It is interesting since I have heard a few times that they are the same and haven't really been able to come up with a satisfactory explication as to whether this is true or not. Could you please explain where I am, and some other Polish speakers too, wrong?


Tom


PS: the subject has already been brought up in the forum: Polish: Soft consonants.


----------



## .Jordi.

Mnie również bardzo dziwi, że ktoś mógłby pomylić _wróć jutro_ z _wróci jutro_, chociażby dlatego że to _i _nie tylko zmiękcza, lecz także - w przypadku _wróci _- pełni funkcję sylabotwórczą i nie wierzę, że ktoś nie słyszy różnicy między jednosylabowym _wróć _i dwusylabowym _wróci_. Analogicznie jest w wypadku pary _słonice_ - _słońce._


----------



## slowik

I wrote that Hal1fax was wrong because she wrote incorrect comparison of sounds. 

_Ci _obviously isn't _chee_.

What I meant was the fact that the _ć _sound in the words _słońce _and _słonice _is produced by exactly the same part of the tounge and in the same part of the mouth in both words. I wrote that because Hal1fax's comparison could be misleading and make other foreigners make unnecessary mistakes. 
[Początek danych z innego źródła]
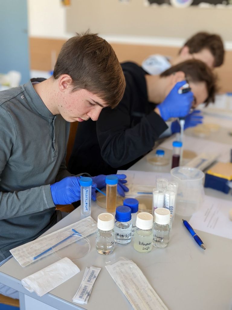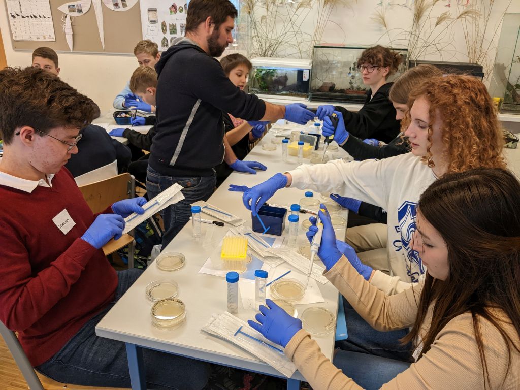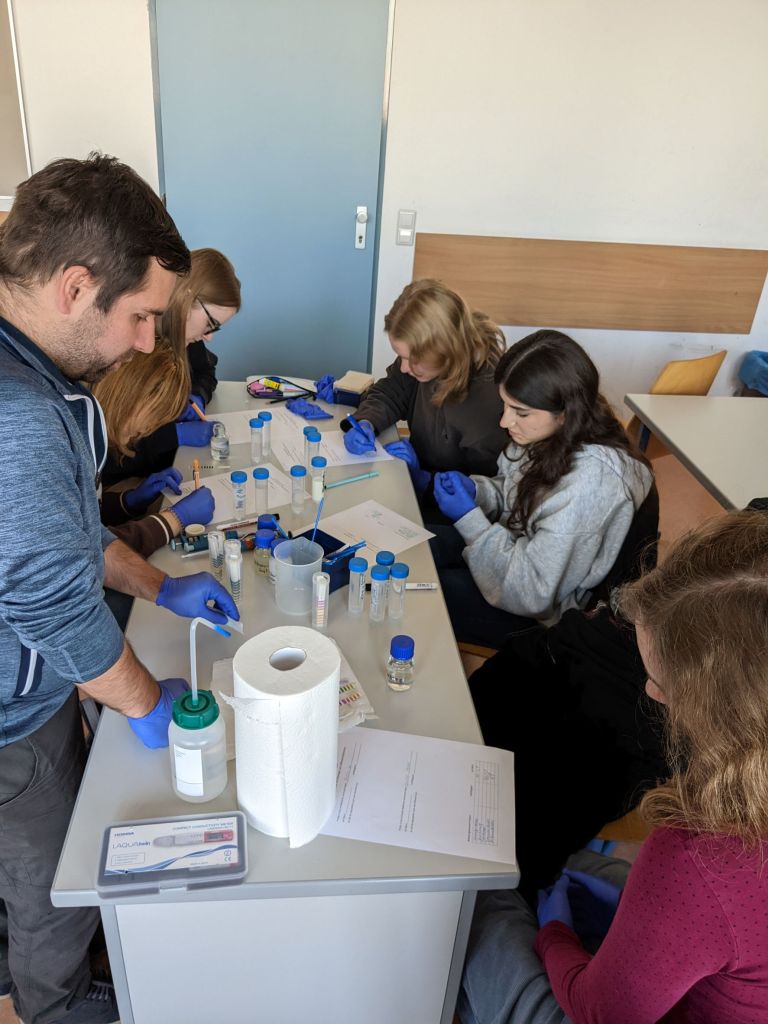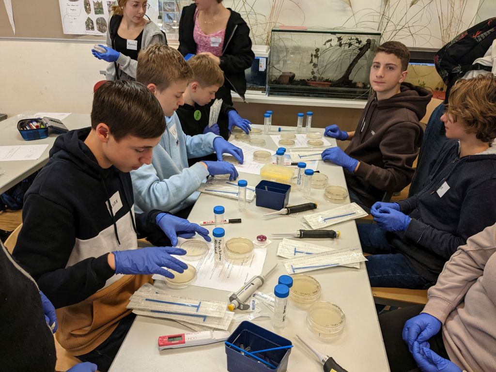 At the 7th of Noveber we (Alexandra, Johanna and Stefan) went to our very first workshop of the new project. Our ‚Instagram representative‘ Sabrina joined us. We visited at the school BORG Nonntal the class 6c. At first we gave an introduction to the project. After that the students spread the samples which they brought from at home on agar plates. The task was to bring a liquid sample with and one without bacteria. The work with automatic pipettes and agar plates went really well. The students measured also pH and conductivity in their own one and other samples. Astonishing was, that Vodka has a very low conductivity. We will see, if some microorganisms like the vodka and grow on these plates. The students also received instructions for choosing and sampling a water habitat. We will work with these samples in the next workshop and hope, that we will get a lot of Aquirufa strains and hopefully new species.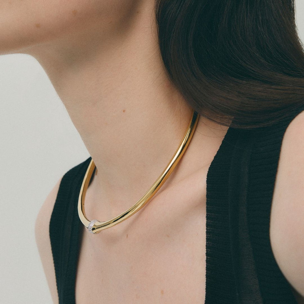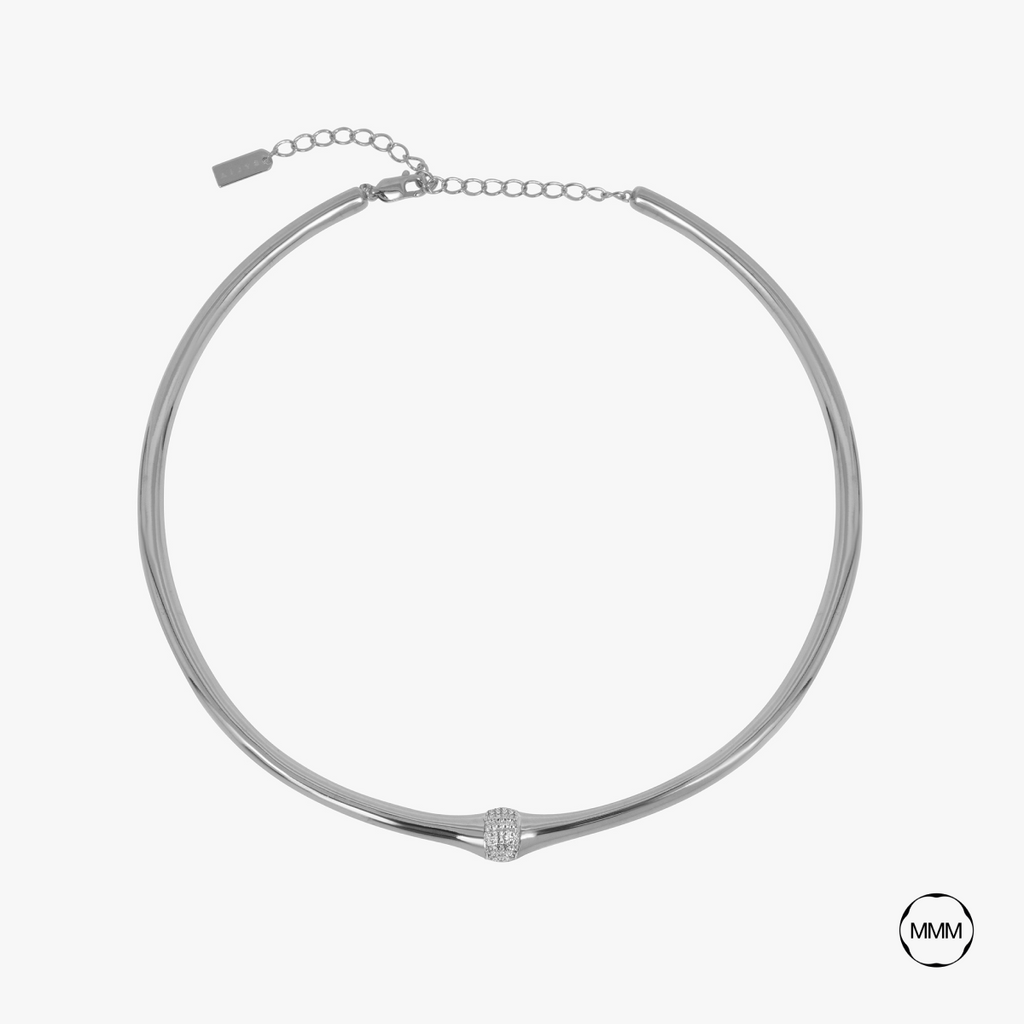 Nova es un choker rígido y macizo con circonitas cuidadosamente engarzadas en su parte frontal con un leve volumen a modo de bola que capta perfectamente la luz de una manera delicada y sofisticada.

I am a Pole too and I know that we all can hear the difference between _wróć jutro_ and _wróci jutro_. I would like you too read my post again (especially my comparison of sounds - it's much more accurate) - maybe I wasn't too clear the first time. Am I clear now?


----------



## .Jordi.

slowik said:


> I would like you too read my post again (especially my comparison of sounds - it's much more accurate) - maybe I wasn't too clear the first time. Am I clear now?



Nie do końca można się zgodzić z zaproponowanym przez Ciebie porównaniem, są wyrazy w języku polskim, w których ciąg liter _ci _nie jest realizowany ani jako [ć], ani jako [ći], przykład - cis [c'is].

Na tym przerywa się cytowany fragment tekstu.